North American Energy Resilience Model to Strengthen Power System Planning

The Nation’s energy resilience depends on national-scale energy planning and situational awareness capabilities for rigorous and quantitative assessment, prediction, and improvement. An ambitious initiative led by U.S. Department of Energy (DOE)—the North American Energy Resilience Model (NAERM)—will provide this unique and ground-breaking capability to ensure reliable and resilient energy delivery across multiple sectors, spanning multiple organizations and authorities, while considering a range of large-scale, emerging threats

NAERM will develop a comprehensive resilience modeling system for the North American energy sector infrastructure. The United States is increasingly experiencing threats, natural and man-made. The need to proactively plan and prepare for events that threaten this Nation’s wellbeing and security necessitates the ambitious span of scope. NAERM will predict the impact of threats, evaluate and identify effective mitigation strategies, and support black start planning, benefiting the U.S. by advancing energy and economic security.
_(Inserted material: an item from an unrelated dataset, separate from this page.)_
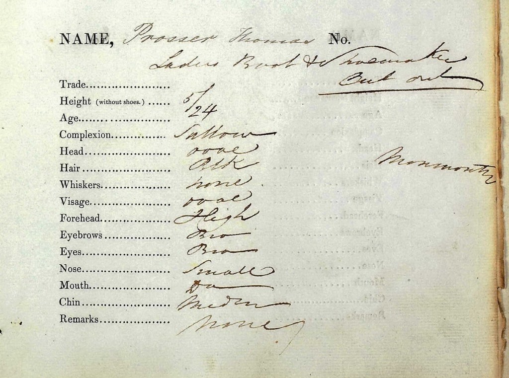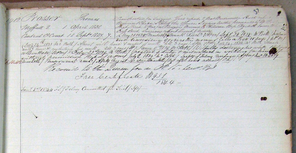 It seems that Thomas railed against the system upon arrival in Van Diemen’s Land or he had quite a conflict with McBeath, the cordwainer that he was assigned to. The details are sketchy because the assignment records for male convicts for the period 1836-1844 are missing, however it seems that after a few years Thomas Prosser accepted his fate or realised that he would be better off by “behaving” to secure his Ticket of Leave, Pardon and Freedom.

NAERM advances existing capabilities to model, simulate, and assess the behavior of electric power systems, as well as its associated dependencies on natural gas, telecommunications, and other critical infrastructures. Integration of significant and unique expertise at the national laboratories, plus data integration and collaboration from all stakeholders, will support threat characterization for the energy sector across varying geographic areas and supporting sectors. NAERM will engage with industry experts to ensure threat and consequence models are realistic and representative of actual system responses.